DESCRIPTION OF THE TASK:
Output nothing but the lines from the one holding "Schlafzimmer mit Doppelbett und eigenem TV" to the end of the listing. Reproduce them exactly, without the pictures.

SUPPLIED MATERIAL:
☆ ☆ ☆ ☆ ☆

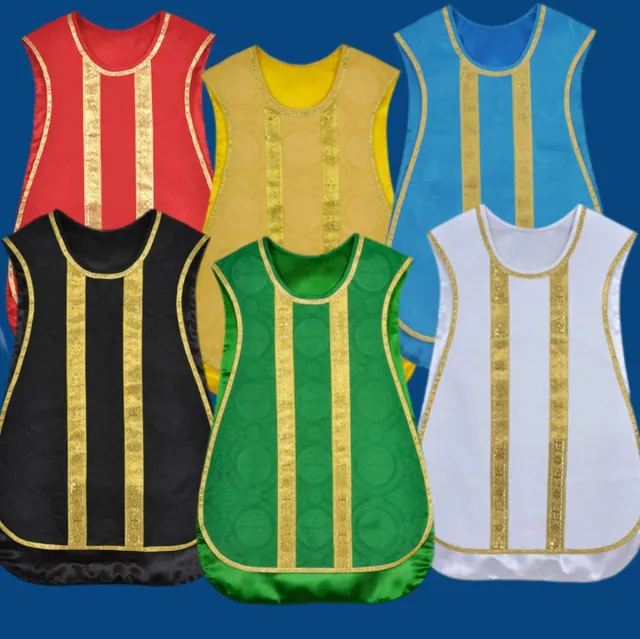 Detalles del productoCasullas tradicionales de guitarra con todos sus complementos , estola , manipulo , velo de cáliz y Carpetilla.
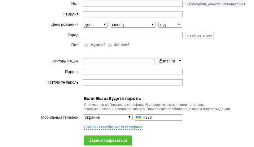 При её заполнении у юзера не должно возникнуть трудностей. Но в этой статье рассмотрен другой случай — ситуация, когда мобильный отсутствует. Компания Майл Ру продумала саму процедуру вплоть до мелочей. Поэтому пользователям с такой «проблемой» путь абсолютно открыт.
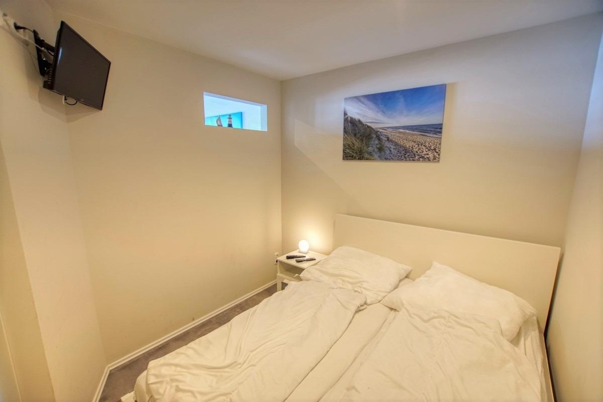 Schlafzimmer mit Doppelbett und eigenem TV
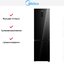Холодильник Midea MDRB521MGE22ODM выполнен в формате отдельно стоящей двухдверной модели с нижней морозильной камерой, высота корпуса — 201 см, а габариты 201×59.5×66 см. Черное стекло на фасаде придает устройству строгий и современный вид, который легко впишется в интерьер кухни. Общий полезный объем достигает 360 литров, из которых 256 литров отведено под холодильную камеру и 104 литра — под морозильник. Практичная конфигурация дверей и возможность перевешивания петель дают свободу при установке в разных планировках.

☆ ☆ ☆ ☆ ☆

EXPECTED ANSWER:
 Schlafzimmer mit Doppelbett und eigenem TV
Холодильник Midea MDRB521MGE22ODM выполнен в формате отдельно стоящей двухдверной модели с нижней морозильной камерой, высота корпуса — 201 см, а габариты 201×59.5×66 см. Черное стекло на фасаде придает устройству строгий и современный вид, который легко впишется в интерьер кухни. Общий полезный объем достигает 360 литров, из которых 256 литров отведено под холодильную камеру и 104 литра — под морозильник. Практичная конфигурация дверей и возможность перевешивания петель дают свободу при установке в разных планировках.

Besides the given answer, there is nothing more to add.